Conclusion générale 

L’évaluation de l’impact des conventions de conversion sur les trajectoires des licenciés économiques a été explorée à travers deux dimensions. Partant du constat qu’il existe une hétérogénéité des demandeurs d’emploi en fonction des causes d’entrée au chômage, les deux premiers chapitres de cette thèse se sont attachés à déterminer les spécificités des licenciés économiques que ce soit en termes de coûts de reclassement ou de stratégies de recherche d’emploi qu’en termes de contraintes spatiales.

De par leur ancienneté et le caractère involontaire de leur situation, les licenciés économiques ne retrouvent pas instantanément un emploi, comparable à celui qu’ils occupaient sans subir des coûts de reclassement (durées de chômage et pertes salariales). Les licenciements économiques ont des conséquences d’autant plus dramatiques qu’ils se déroulent dans une zone géographique défavorisée, dans laquelle les travailleurs licenciés ont très peu de chances de retrouver un emploi. Les spécificités institutionnelles relatives aux mesures de protection de l’emploi, en matière de coûts de licenciement, permettent d’expliquer en partie ces coûts. Ces éléments nous ont amené à conclure à une nécessaire différenciation des politiques de l’emploi mieux à mêmes de tenir compte de l’hétérogénéité des parcours des licenciés économiques (chapitre 1).

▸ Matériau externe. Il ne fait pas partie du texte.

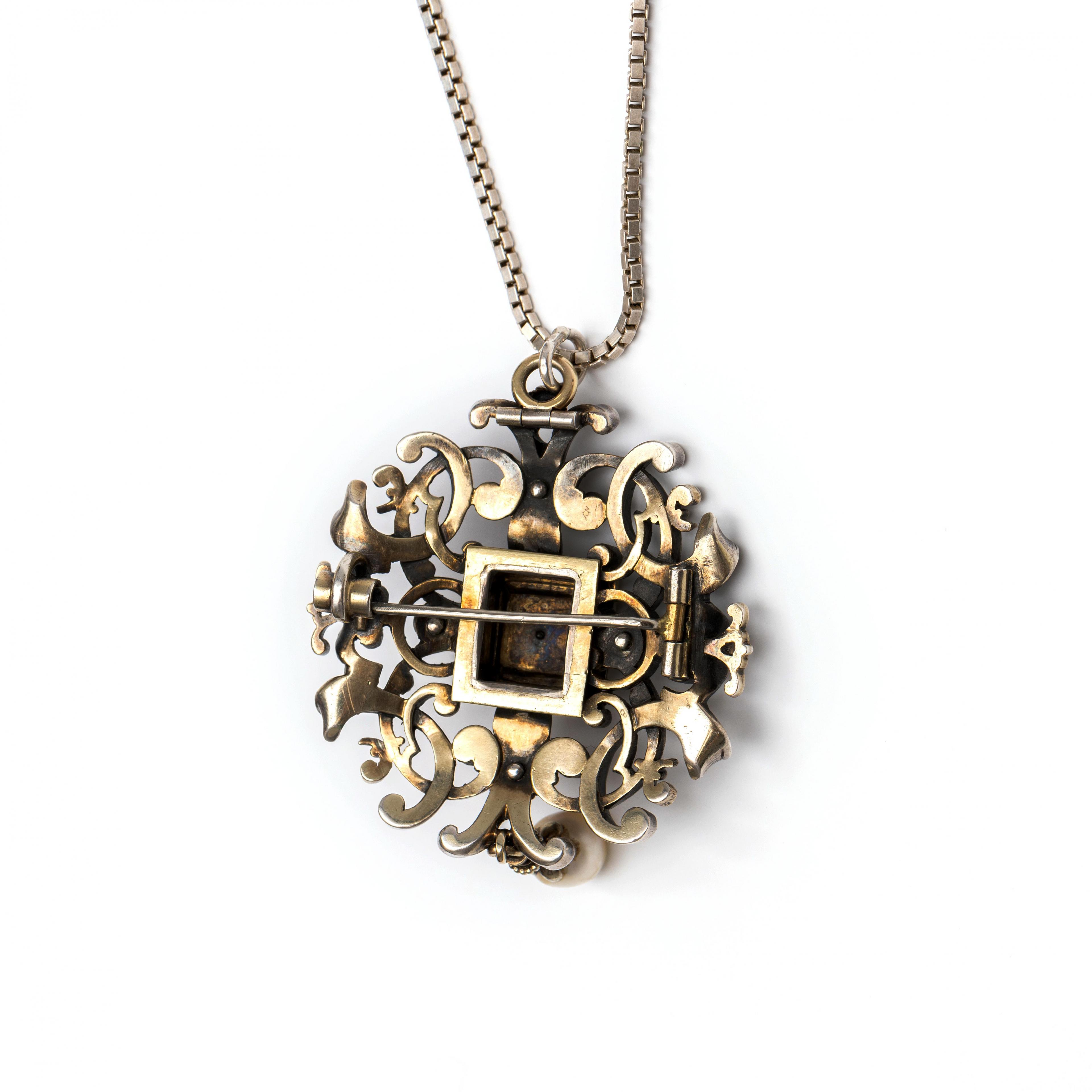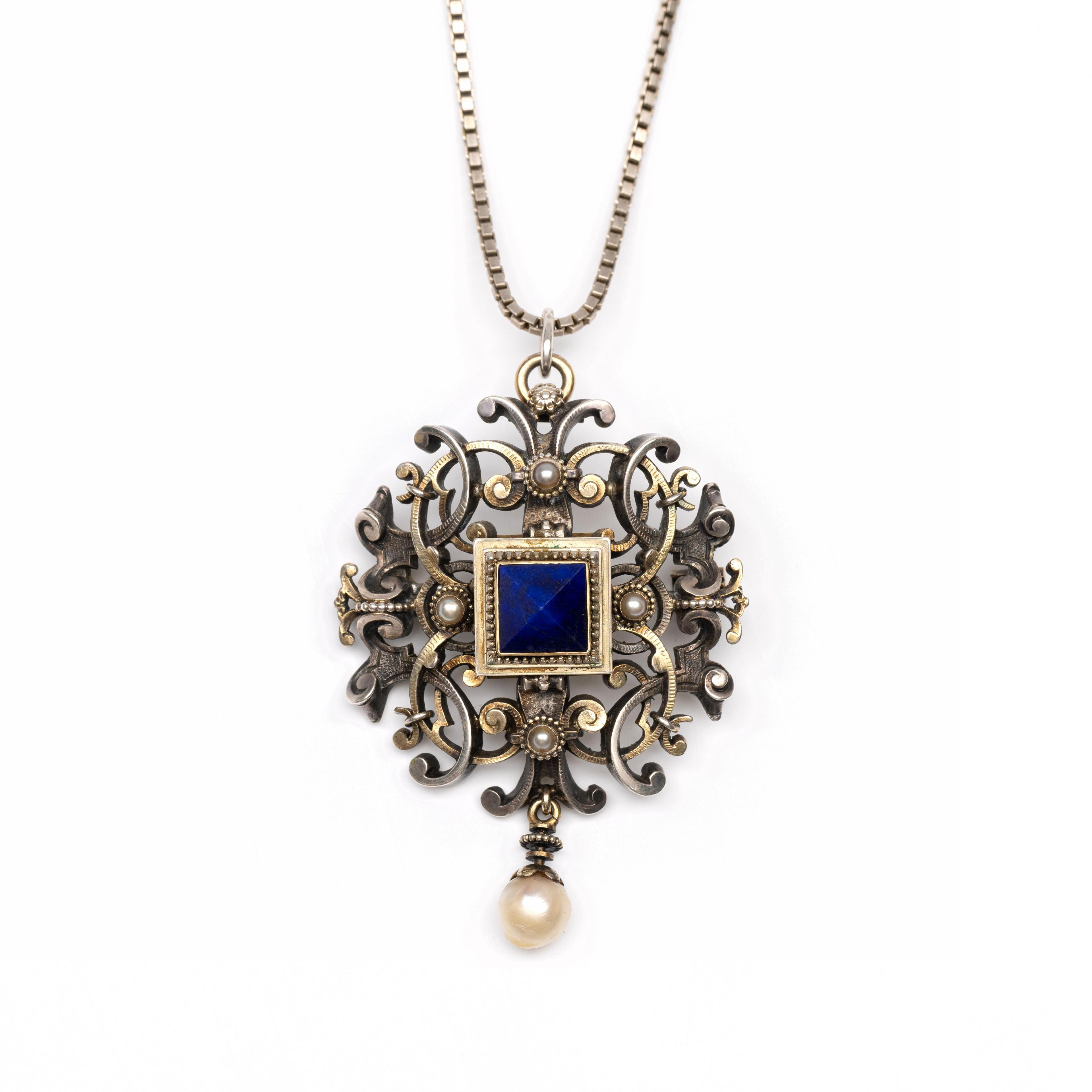 14 k. Gold and silver brooch, also a pendant, 19th century. In Neo-Renaissance style, composed of volutes and scrolls. Centrally set with a pyramid-cut lapis lazuli and half-pearls. A natural pearl dangles loosely at the bottom (no certificate available). On a silver box link necklace.

Les contraintes spatiales subies par les chômeurs au cours de la recherche d’emploi peuvent influer sur leur participation à une mesure active. La suppression des postes pouvant résulter d’un contexte local en déclin (secteur d’activité ou région touchés par un taux de chômage élevé) et l’existence d’un dispositif actif conduisent à transformer les comportements de mobilité spatiale des adhérents et non-adhérents. Ces derniers, plus mobiles, consentent dès lors à augmenter leur rayon de prospection d’emploi (chapitre 2).

L’impact des conventions de conversion sur les trajectoires individuelles des licenciés économiques a été appréhendé à travers deux dimensions principales permettant d’évaluer l’efficacité du dispositif sur le reclassement : la durée de chômage et la qualité de l’emploi retrouvé (statut et salaire). L’évaluation a par ailleurs pris en compte les caractéristiques du programme (durée de la mesure, formation, possibilité de quitter le dispositif avant son échéance).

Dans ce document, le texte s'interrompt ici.